--- DATA SECTION Enclosed Below ---

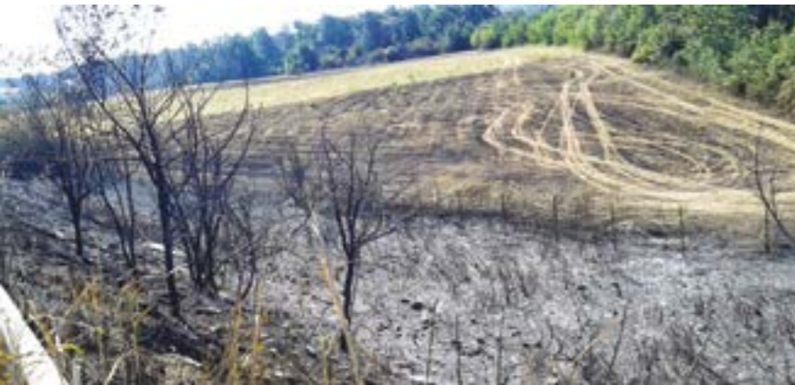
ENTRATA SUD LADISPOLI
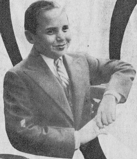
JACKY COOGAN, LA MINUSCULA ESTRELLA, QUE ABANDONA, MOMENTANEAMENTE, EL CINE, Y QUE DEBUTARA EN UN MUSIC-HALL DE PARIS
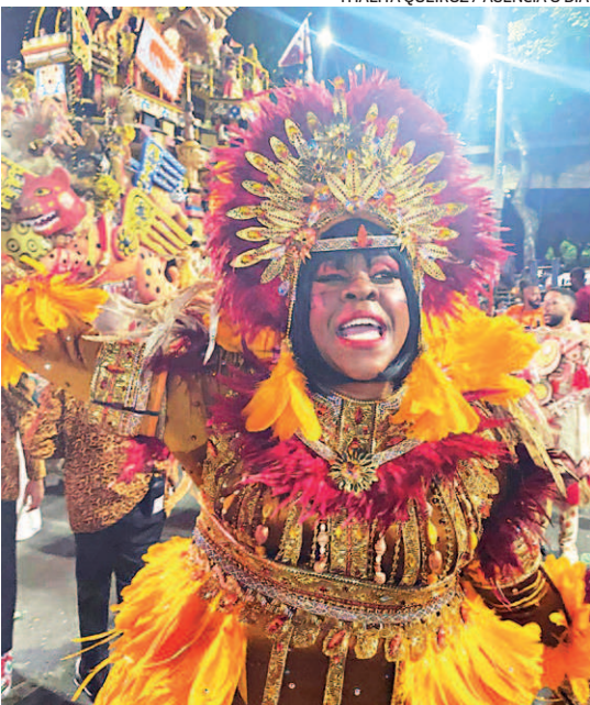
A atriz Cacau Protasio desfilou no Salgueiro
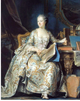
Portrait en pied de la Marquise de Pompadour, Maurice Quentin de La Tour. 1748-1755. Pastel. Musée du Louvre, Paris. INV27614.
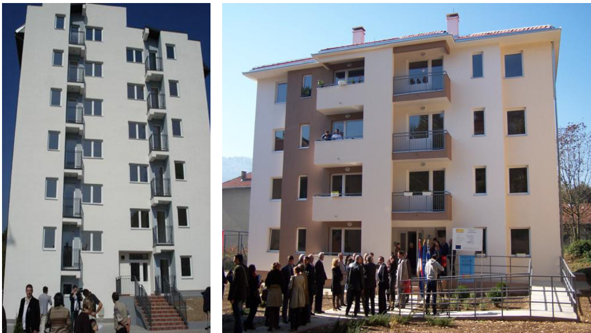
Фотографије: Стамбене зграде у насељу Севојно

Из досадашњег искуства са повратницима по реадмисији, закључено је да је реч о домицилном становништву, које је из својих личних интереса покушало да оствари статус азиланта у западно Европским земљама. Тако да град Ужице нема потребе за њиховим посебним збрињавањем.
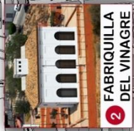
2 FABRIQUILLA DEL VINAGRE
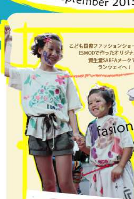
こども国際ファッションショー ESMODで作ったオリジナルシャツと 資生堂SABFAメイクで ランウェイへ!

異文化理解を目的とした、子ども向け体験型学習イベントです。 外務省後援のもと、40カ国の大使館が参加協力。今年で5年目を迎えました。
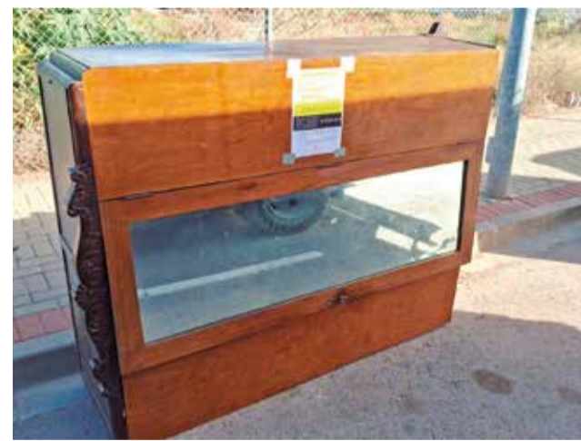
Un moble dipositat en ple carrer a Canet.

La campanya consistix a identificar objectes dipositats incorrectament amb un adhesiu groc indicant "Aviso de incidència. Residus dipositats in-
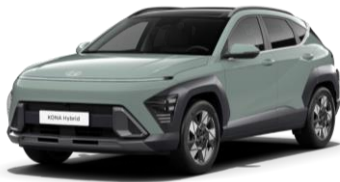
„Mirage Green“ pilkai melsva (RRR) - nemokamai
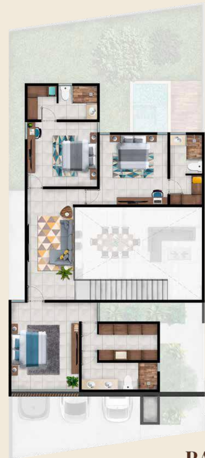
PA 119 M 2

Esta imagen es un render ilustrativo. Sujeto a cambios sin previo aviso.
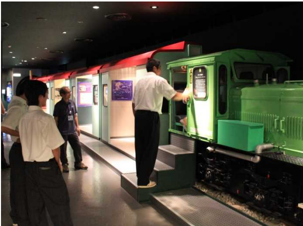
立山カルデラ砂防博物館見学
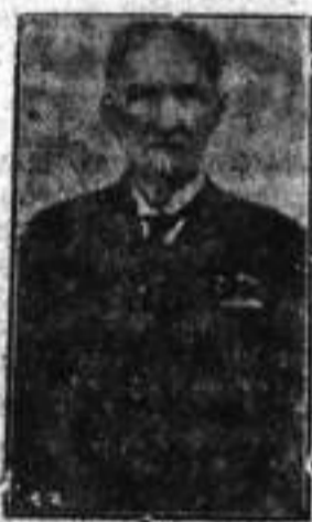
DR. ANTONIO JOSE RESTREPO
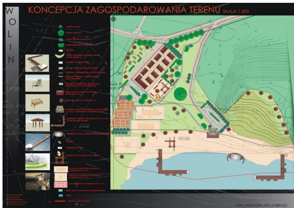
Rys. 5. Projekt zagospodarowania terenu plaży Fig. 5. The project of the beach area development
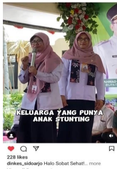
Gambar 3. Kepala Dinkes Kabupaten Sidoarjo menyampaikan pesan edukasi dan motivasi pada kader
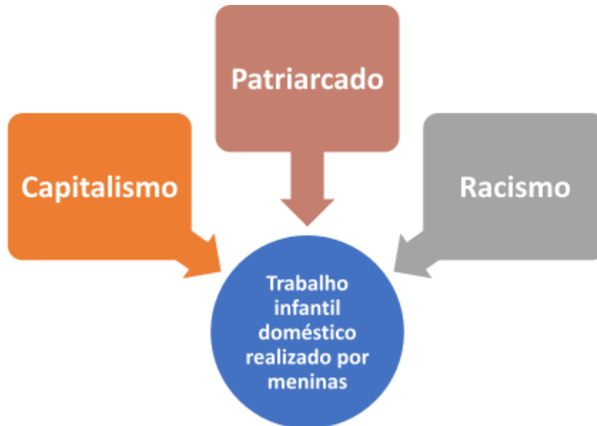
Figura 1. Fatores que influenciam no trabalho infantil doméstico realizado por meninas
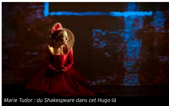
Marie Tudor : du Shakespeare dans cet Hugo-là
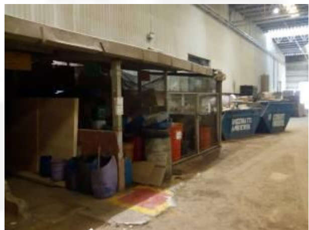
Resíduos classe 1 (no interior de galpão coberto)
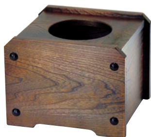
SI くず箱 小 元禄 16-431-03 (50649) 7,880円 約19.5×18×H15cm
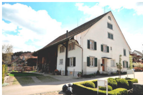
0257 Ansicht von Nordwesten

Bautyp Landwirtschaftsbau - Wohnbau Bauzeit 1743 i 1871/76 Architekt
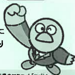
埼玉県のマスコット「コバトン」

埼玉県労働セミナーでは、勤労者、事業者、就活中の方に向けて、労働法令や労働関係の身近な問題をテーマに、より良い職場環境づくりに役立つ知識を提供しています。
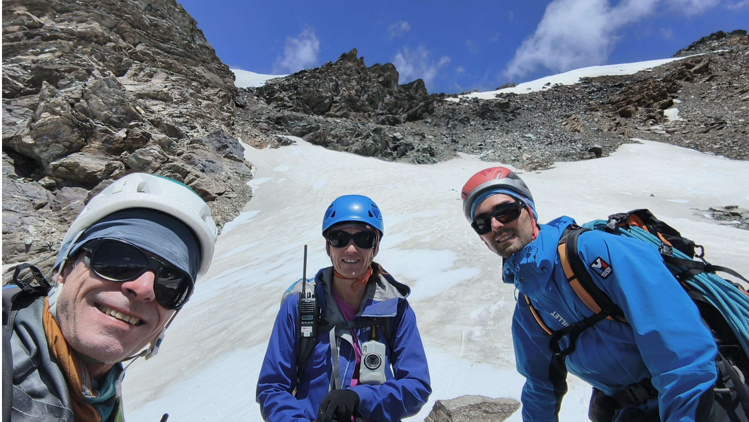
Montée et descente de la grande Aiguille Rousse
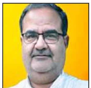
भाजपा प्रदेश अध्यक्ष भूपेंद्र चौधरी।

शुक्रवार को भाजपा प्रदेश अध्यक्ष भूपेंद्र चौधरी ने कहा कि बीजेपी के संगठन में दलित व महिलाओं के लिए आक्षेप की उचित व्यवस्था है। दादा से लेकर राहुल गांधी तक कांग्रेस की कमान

--- End of Enclosed DATA SECTION ---
--- DATA SECTION Enclosed Below ---

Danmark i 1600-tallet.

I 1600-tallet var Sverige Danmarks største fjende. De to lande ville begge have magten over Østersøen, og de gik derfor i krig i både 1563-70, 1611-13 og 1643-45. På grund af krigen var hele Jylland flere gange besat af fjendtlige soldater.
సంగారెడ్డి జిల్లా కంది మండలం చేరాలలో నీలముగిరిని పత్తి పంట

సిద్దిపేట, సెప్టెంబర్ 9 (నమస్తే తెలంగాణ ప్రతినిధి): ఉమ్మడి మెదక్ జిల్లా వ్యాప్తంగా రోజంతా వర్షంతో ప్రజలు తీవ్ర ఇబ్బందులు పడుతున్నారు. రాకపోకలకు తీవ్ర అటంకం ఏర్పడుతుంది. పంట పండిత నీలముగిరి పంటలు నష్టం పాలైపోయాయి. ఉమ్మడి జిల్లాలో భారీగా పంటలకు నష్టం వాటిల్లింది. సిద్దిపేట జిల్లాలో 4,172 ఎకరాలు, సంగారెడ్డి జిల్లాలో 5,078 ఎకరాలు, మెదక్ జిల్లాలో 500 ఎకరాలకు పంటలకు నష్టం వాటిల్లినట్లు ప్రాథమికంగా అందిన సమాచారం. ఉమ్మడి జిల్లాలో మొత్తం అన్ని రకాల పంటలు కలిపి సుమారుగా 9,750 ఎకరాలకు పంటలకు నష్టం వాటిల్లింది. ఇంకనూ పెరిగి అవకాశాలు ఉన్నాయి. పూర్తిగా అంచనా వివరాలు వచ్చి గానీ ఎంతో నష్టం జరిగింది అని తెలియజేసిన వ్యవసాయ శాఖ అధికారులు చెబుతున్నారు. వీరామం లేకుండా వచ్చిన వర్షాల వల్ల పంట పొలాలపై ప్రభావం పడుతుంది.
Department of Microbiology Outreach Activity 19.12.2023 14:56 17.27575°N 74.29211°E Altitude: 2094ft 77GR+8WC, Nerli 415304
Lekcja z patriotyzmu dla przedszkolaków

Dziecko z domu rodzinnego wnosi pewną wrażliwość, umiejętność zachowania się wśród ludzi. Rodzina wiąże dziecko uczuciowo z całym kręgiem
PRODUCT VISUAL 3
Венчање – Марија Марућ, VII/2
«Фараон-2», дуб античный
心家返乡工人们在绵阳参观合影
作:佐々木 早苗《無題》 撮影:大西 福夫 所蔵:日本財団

--- End of Enclosed DATA SECTION ---

• PROBLEM TO WORK ON
Given the entries above, transcribe exactly the lines from the one holding "埼玉県労働セミナーでは、勤労" through the one holding "शुक्रवार को भाजपा"; pictures do not belong in the transcription.

• RESPONSE TO THE TASK
埼玉県労働セミナーでは、勤労者、事業者、就活中の方に向けて、労働法令や労働関係の身近な問題をテーマに、より良い職場環境づくりに役立つ知識を提供しています。
Montée et descente de la grande Aiguille Rousse
भाजपा प्रदेश अध्यक्ष भूपेंद्र चौधरी।

शुक्रवार को भाजपा प्रदेश अध्यक्ष भूपेंद्र चौधरी ने कहा कि बीजेपी के संगठन में दलित व महिलाओं के लिए आक्षेप की उचित व्यवस्था है। दादा से लेकर राहुल गांधी तक कांग्रेस की कमान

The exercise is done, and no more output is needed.